Would you mind posting a complete example that compiles and runs? Your above changes to Go#8 break it. E.g. the function 'run' needs to be updated to use your new 'bottomUpTree' and 'inner'.

I'm not going to paste 170 lines of code into the thread. Add this line:

  var pool []Tree
to each of the stretch and long-lived closures in run(), pass &pool as the second argument to bottomUpTree(), pass pool as the second argument to itemCheck().

The call to inner() doesn't change.

It's trivial.


+1 Not bad, your simple pool improved performance from about 10.9 secs to 1.4 secs on my laptop here. However, it does break the stated rules for the benchmark.[1] The Java version doesn't use a pool and doesn't change Tree pointers into ints as your version does. The C/C++/Rust versions are required to use a "library memory pool." The rules state,

  Please don't implement your own custom "arena" or "memory pool"
  or "free list" - they will not be accepted."
Donald Knuth uses integers instead of proper pointers in the source code for TeX for maximum portability and performance so your technique is legit used by master programmers but in general replacing pointers with integer indices into arrays only works for monolithic programs of small to medium size. For example, could the Chromium maintainers rewrite the 20 million lines of C++ into Golang replacing most pointers with integer offsets into arrays for performance? No, impossible with current tools and practices, the technique won't scale to that, so this benchmark rule isn't totally stupid and unfair. This binary trees benchmark was originally devised decades ago by Hans Boehm, a notable GC researcher, as a way of testing GC performance that he as a GC implementer found informative.
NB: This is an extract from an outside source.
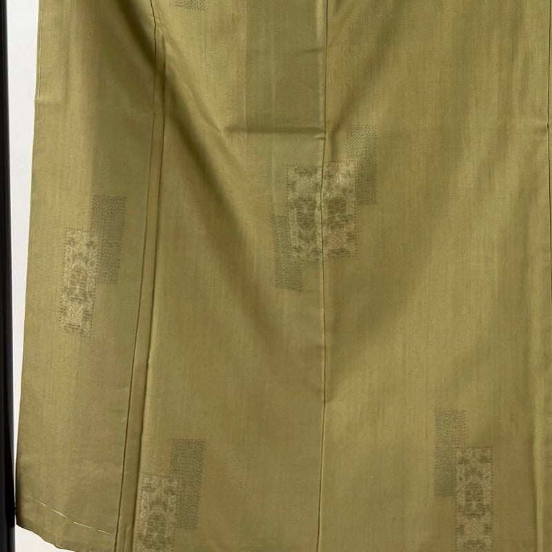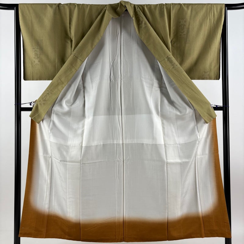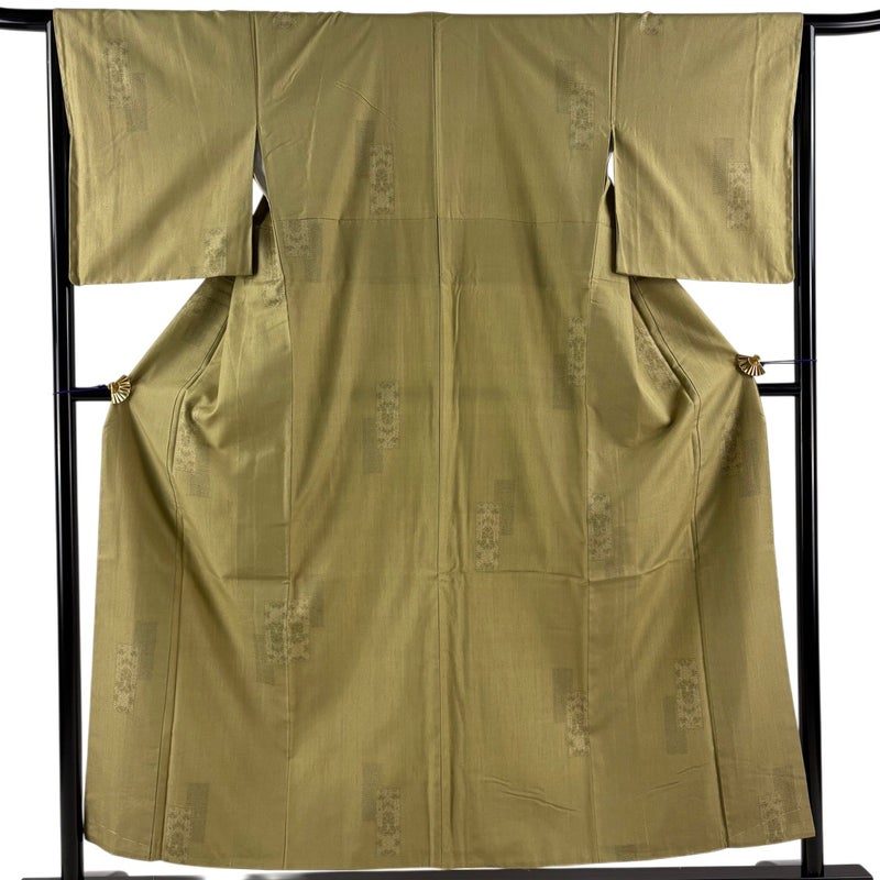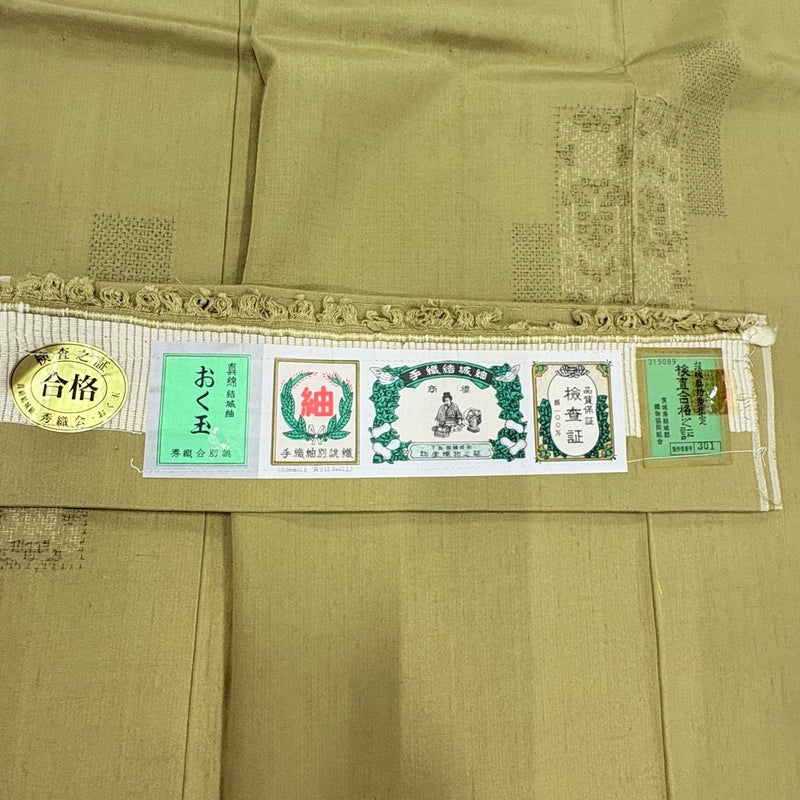 【結城紬】 緑系 鶯色 逸品 A 約150cm~約159cm 裄丈63cm-64cm (M)size 袖丈49cm 30000- 美品 五万以上

[1] https://benchmarksgame-team.pages.debian.net/benchmarksgame/...


You don't rewrite your whole program to use pooled allocations.

Just the parts of your program where allocation performance needs to be improved.

If part of your program is doing many allocations, and it's too slow, use a simple pool. Go makes pooled allocation easy and safe.

I have written huge Go programs (e.g., https://NN-512.com), and the garbage collector is not a problem. Quite the opposite, it's a major, major benefit.

Pooled allocations are rarely needed.


We can't say that this is a purely GC benchmark. Generating and checking these trees takes time independently of garbage collection. Without a detailed report from the programming language run-time about how much time was spent in GC, it's just a guess.

> So Java has the fastest GC for this test, 2.48 secs vs 12.23 secs for Golang.

Further not mentioning memory used Java/Go programs makes it very fair comparison. Because GC perf does not depend on memory allocated.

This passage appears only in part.